~ Poet: Stevie Ronnie ~

Amerika (The Man Who Disappeared) by Alastair Cook

This is Filmpoem 50, a collaboration between Scottish filmpoet Alastair Cook and 20 other poets hailing from Scotland, England, Ireland, the U.S., South Africa and Belgium. I have a rule against posting films containing my own poetry to Moving Poems, but in this case my lines account for only 1/20th of the poem, so I decided not to be precious about it. Besides, it’s too important a poetry film not to feature. The composition process involved Alastair sending each writer a snippet of found film. To quote his original email:

You can be trite, erudite, short or shorter (no more than three or four lines) but the brief is this—Americana, the 1950s, travel.

All the clips are from the same batch of film and the artistic conceit is that a narrative will thread through these. This batch of film has this family move through America over the years, these boys grow up and some of the footage I have is heart-wrenching, always tinged with the salient and sombre fact that I source these from house-clearances, that the death of the filmmaker releases this footage to me.

The official description, from Vimeo and the Filmpoem website, reads:

Watch Alastair Cook’s brand new film, three years in the making, with new writing by twenty of the world’s best poets, sountracked by composer Luca Nasciutia and read by poet Rachel McCrum – screens worldwide from Autumn 2016. New ekphrasis work by poets John Glenday, Vicki Feaver, Stevie Ronnie, Janie McKie, Brian Johnstone, Jo Bell, Andrew Philip, Linda France, Dave Bonta, Angela Readman, Michael Vandebril, Gerard Rudolf, George Szirtes, Emily Dodd, Ian Duhig, Rachel McCrum, Robert Peake, Polly Rowena Atkin, Pippa Little and Vona Groarke.

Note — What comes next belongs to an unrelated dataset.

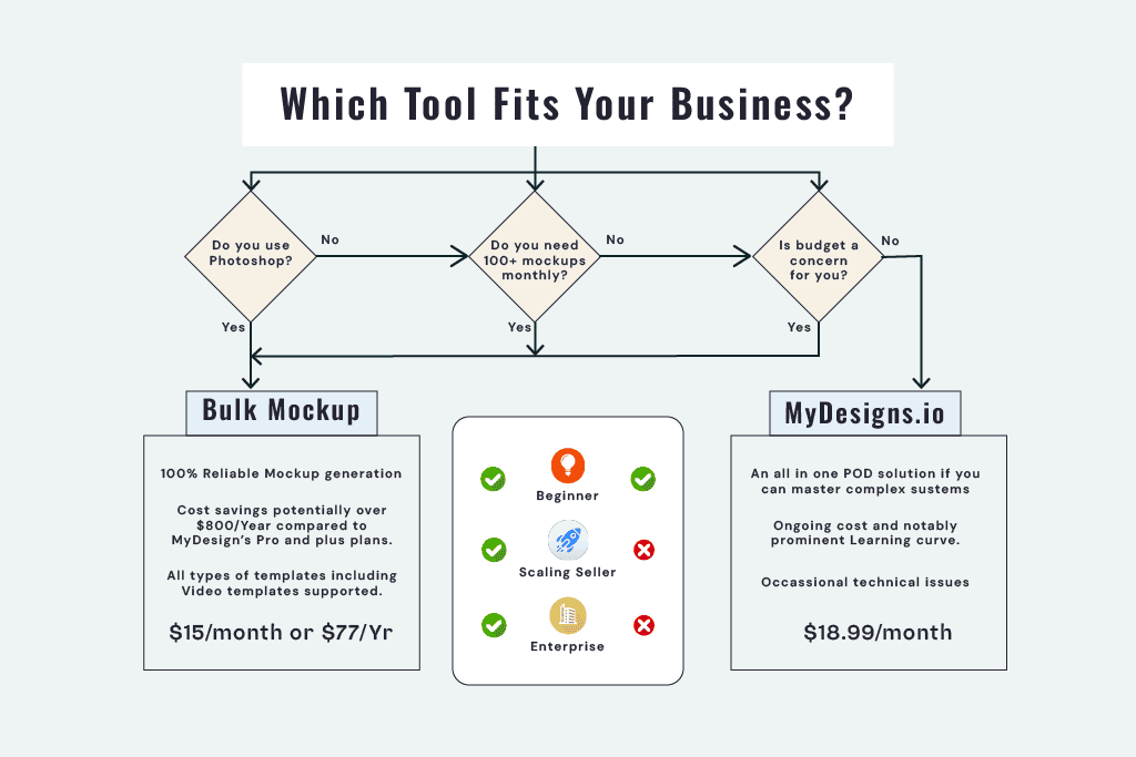 Many successful sellers actually use both strategically – Bulk Mockup for reliable, high-volume mockup generation, and other tools (possibly including MyDesigns) for specific automation needs. There’s no rule saying you must choose just one.

This was originally planned as Filmpoem 40, but got delayed for a number of reasons, during which I believe the concept changed and matured a bit. I list Alastair as the chief poet here because it was his concept from start to finish, and he edited and moved around the submissions after they all came in. The decision to have a single narrator was, I think, a good one, but it’s amazing how well the conjoined text holds together on its own. Clearly, this is an approach to filmpoetry/videopoetry composition deserving of further experimentation. Alastair had been building on what he learned in making his Twenty Second Filmpoem back in 2012, which also involved 20 poets and some found footage.

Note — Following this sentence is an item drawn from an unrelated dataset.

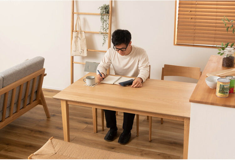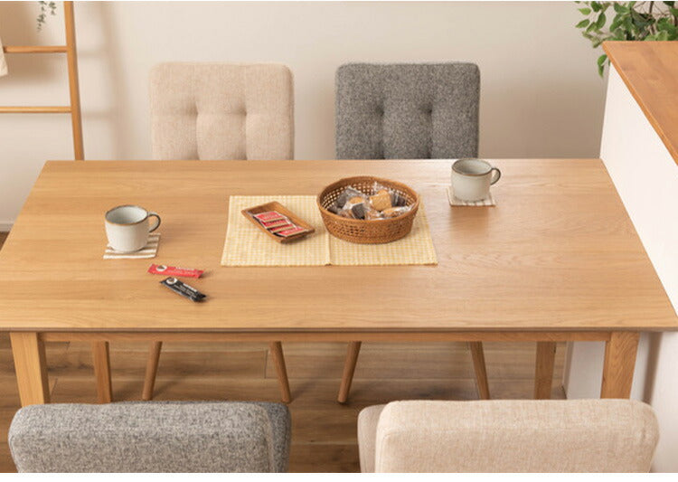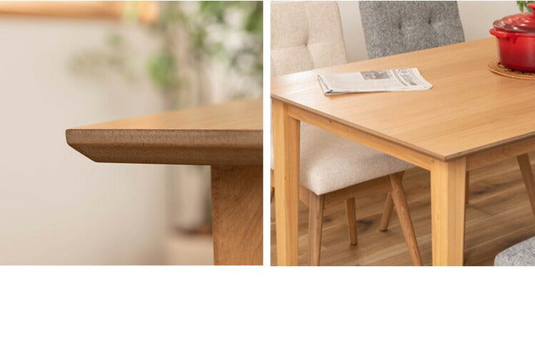 天板のエッジは斜めにカットしデザイン性の高い仕上がり。木目の表情を活かした天板が食卓に彩りを与えてくれます。

In other Filmpoem-related news, I see that there will be a fourth Filmpoem Festival, or series of festivals, dubbed Filmpoem Sixteen, though it doesn’t sound as if we can expect an open call:

Filmpoem Sixteen will focus on a series of invited curated events. The first of these is at the Hauge Centre in Ulvik in Norway, where Alastair is artist in residence in May. Alastair has directed The Sword, a new film working with Hauge’s incredible landscape poetry, alongside readings by John Glenday, cinematography by James Norton and sound by Luca Nasciuti; the film will premier on May 12th. Alongside this new film, the Hauge Centre will screen a Scottih retrospective of Alastair’s work and selected works by others from the Filmpoem Festival submission archive.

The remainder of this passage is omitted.